Por: JOSE M. APONTE MARTÍNEZ El tema a tratar para el día de hoy, era diferente al contenido de este artículo, pero por obra y gracia de las gracias de mi nieto José Manuel, de dos años y medio de edad, experto en esconder, que me desapareció la libreta de notas en la cual escribo […]
Por: JOSE M. APONTE MARTÍNEZ
El tema a tratar para el día de hoy, era diferente al contenido de este artículo, pero por obra y gracia de las gracias de mi nieto José Manuel, de dos años y medio de edad, experto en esconder, que me desapareció la libreta de notas en la cual escribo esta columna, me he visto obligado a divulgar el presente artículo que desde hace rato tengo listo y que en cualquier momento es de actualidad.
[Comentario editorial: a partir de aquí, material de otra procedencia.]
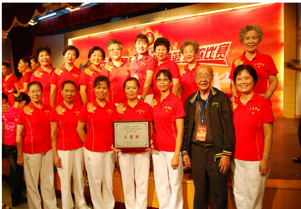
广东省第七届老年人运动会健身操比赛三等奖
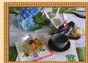
和み会では季節を感じるお茶菓子をいただきます。
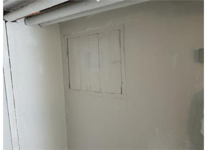
Krypgrund: Ej besiktigt p.g.a. att lucka ej öppningsbar. Rekommenderar en kompletterande besiktning efter att luckan öppnats.
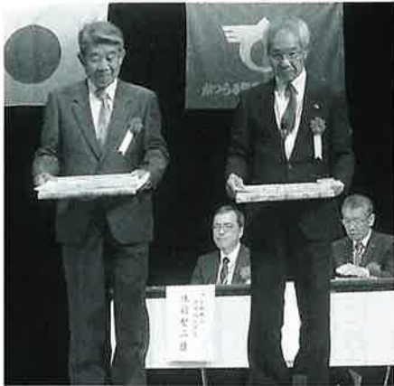
志賀鶴寿会 (天野支部) 新田ちとせ会 (妙寺支部)
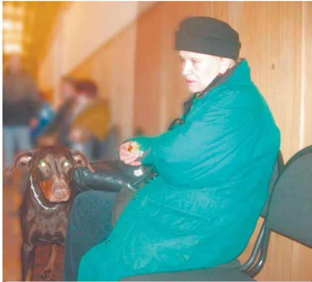
7 декабря, гимназия №1531
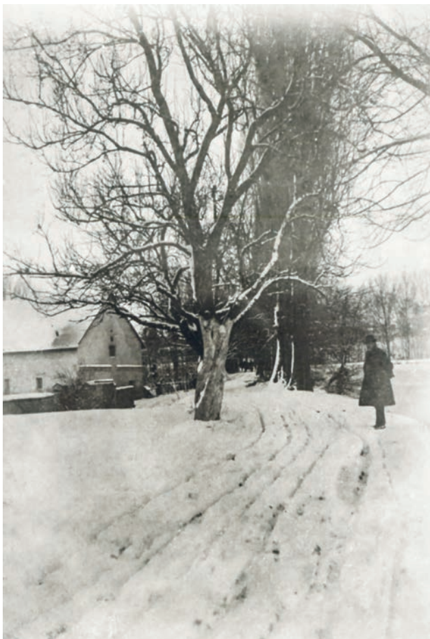
Mlýn v zimě 1931
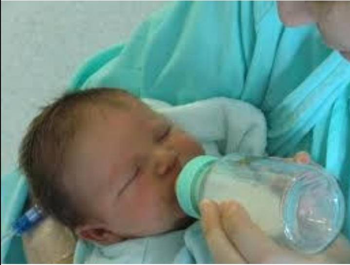
DONNER LE BÏBERON
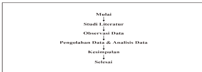
Gambar 1. Metode penelitian

Berdasarkan penjelasan diatas, metode penelitian secara ringkas dapat dilihat pada Gambar 1.
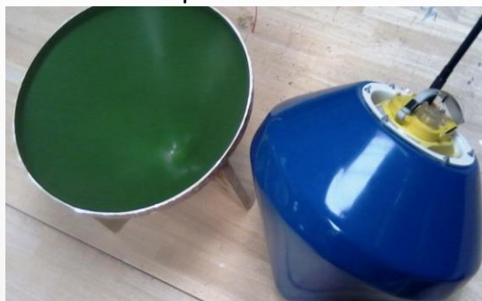
La « sentinelle des glaces ».
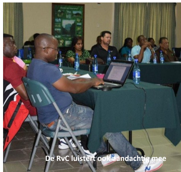
De RvC luistert ook aandachtig mee
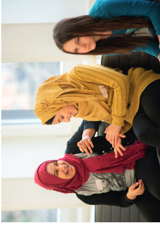
Seminar teilnehmerinnen diskutieren über Werte eines demokratischen Miteinanders.

Der Zwiespalt, einerseits mit zahlreichen Erwartungen an ihre „Integration“ konfrontiert zu sein, andererseits Ausgrenzung und zum Teil offene Diskriminierung zu erleben, resultiert bei manchen Befragten in skeptischen Perspektiven auf die Integrationswilligkeit der deutschen Gesellschaft. Als Beispiel werden Probleme genannt, die sich aus der Erwartung ergeben, dass die geflüchteten Menschen möglichst schnell Deutsch lernen sollen: „Aber ein Mensch, der geflüchtet und traumatisiert ist, der kann es nicht so einfach schaffen, die Sprache zu lernen. Deshalb wäre es gut, wenn es viele Infos gibt in den Sprachen, die die Flüchtlinge sprechen. Das gibt es aber nicht. Viele haben Angst, zu einem Amt zu gehen, weil sie die Sprache nicht sprechen. Sie verstehen das System in Deutschland nicht. Sie brauchen Informationen. Sich selbst seine Rechte zu holen ist schwierig.“
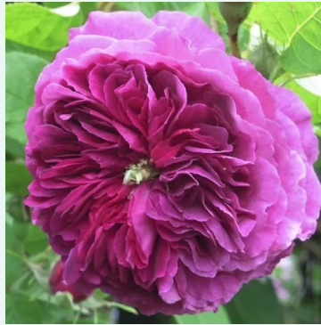
Rosa Erinnerung an Brod

No preciso la fecha porque no es trascendental, pero fue en la década del 40 al 50 del siglo pasado, cuando Rafael Escalona estudiaba en el Liceo Celedón, para la época el mejor Colegio público que tenía la Costa Atlántica y posiblemente uno de los mejores del país, a donde los estudiantes de provincia cuando terminaban primaria en San Juan o Villanueva, culminaban su bachillerato en Santa Marta y de ahí a las universidades de Bogotá los que tenían los medios económicos para hacerlo.
Así le pasó a Escalona, que no sé si del Loperena o algún colegio privado del Valle salió para el Liceo, haciendo el periplo descrito en una de sus canciones y en donde termina montándose en un “Diablo al que le llaman Tren”.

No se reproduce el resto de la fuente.